Page MenuHomePhabricator

Haproxykafka silently stops sending request data to kafka
Closed, ResolvedPublic

Description

Given the issue with cp5017 being unable to process logs in the latest days (and no one noticed) we need to review how HAProxyKafka alerts are defined.

Apparently cp5017 haproxykafka process (and service) was up as reported by systemd but no messages has been sent to Kafka in the intervals from 2025-06-30@03:23UTC to 2025-7-07@12:40UTC and from 2025-07-15@15:59UTC to 2025-07-21@08:44UTC when the functionality has been (inadvertently) restarted while debugging.
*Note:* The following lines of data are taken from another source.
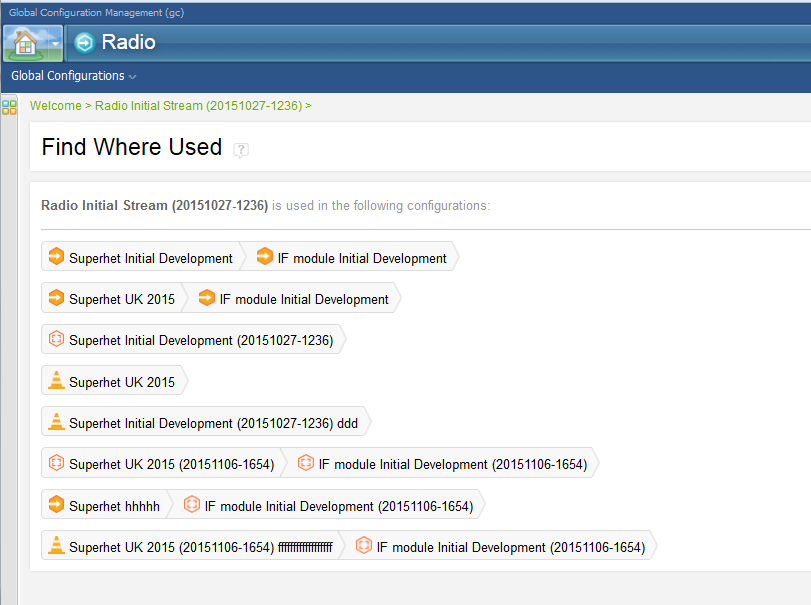 The GCM UI provides a finduse capability. Users can select a configuration and use the Find Where Used action
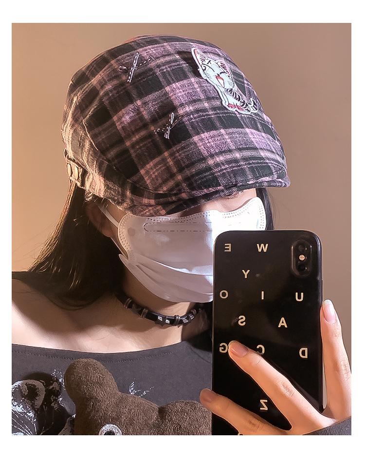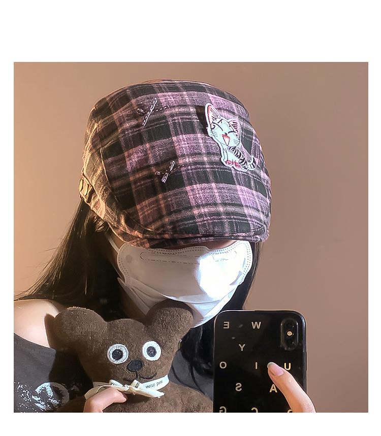Boina a cuadros con diseño de Spice Girl para mujer, estilo Y2K, estilo pintor, transpirable, con lengua de pato, para verano, tamaño pequeño
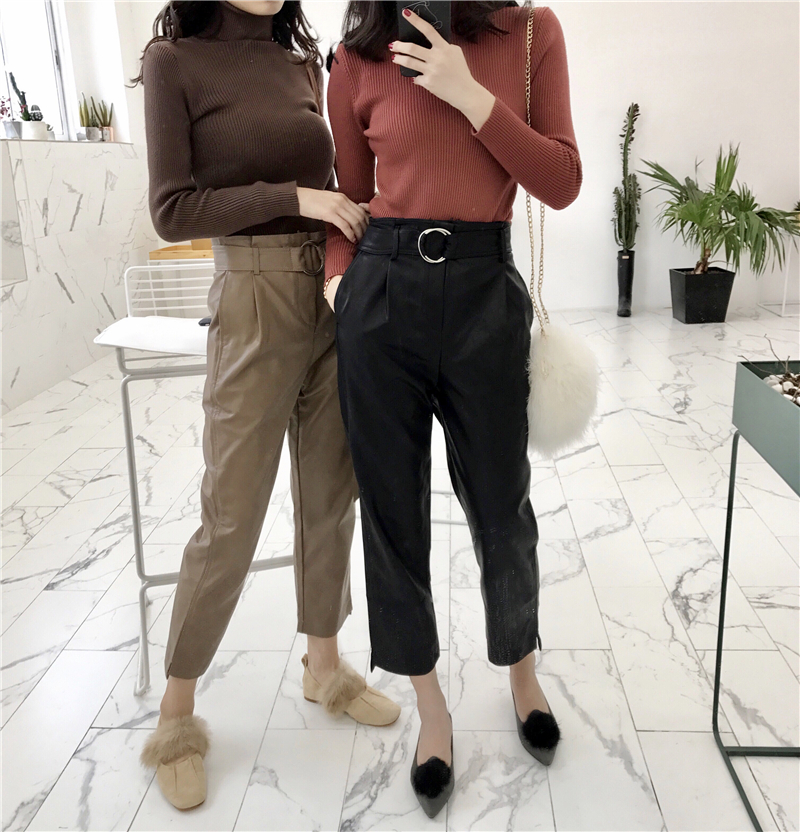 長袖2018新款秋季上衣韓版修身百搭彈力柔軟高領復古針織衫打底女

Debugging during the issue has been hard due to the complete refusal of the process to serve pprof information (through the /debug/ endpoint) and even strace showed no activity with network, file or process queries.

While debugging threads backtraces with gdb for eventual deadlocks, the process restarted it's usual behavior, restarting processing and sending logs to the kafka cluster.

To avoid this in the future we should add a couple of alerts:

  • Check if the prometheus exporter is up
  • Check that we're sending a reasonable amount of messages, compared to the number of requests received by HAProxy (essentially replicating the current HaproxyKafka alert for DE.

Some screenshot of the issue for reference:

Availability of the prometheus exporter on cp5017:

hpk_cp5017_1.png (1,435×589 px, 57 KB)

Requests not showed on Turnilo compared to other cluster hosts:

hpk_turnilo.png (1,671×699 px, 46 KB)

Update: this happened to cp3071 too:

Screenshot from 2025-07-23 17-23-51.png (1,257×234 px, 15 KB)

Event Timeline

Fabfur renamed this task from Create alert for low haproxykafka message rate (traffic) to Create better alerts for HAProxyKafka.Jul 21 2025, 10:25 AM
Fabfur triaged this task as High priority.
Fabfur added a project: HaproxyKafka.
Fabfur updated the task description. (Show Details)
Vgutierrez renamed this task from Create better alerts for HAProxyKafka to Haproxykafka silently stops sending request data to kafka.Jul 21 2025, 10:34 AM

Change #1171176 had a related patch set uploaded (by Fabfur; author: Fabfur):

[operations/alerts@master] traffic: new alerts for haproxykafka

https://gerrit.wikimedia.org/r/1171176

Change #1171176 merged by Fabfur:

[operations/alerts@master] traffic: new alerts for haproxykafka

https://gerrit.wikimedia.org/r/1171176

Adding DE team too, considering that two hosts didn't sent messages for a long time and this could be impacting on the analytics data.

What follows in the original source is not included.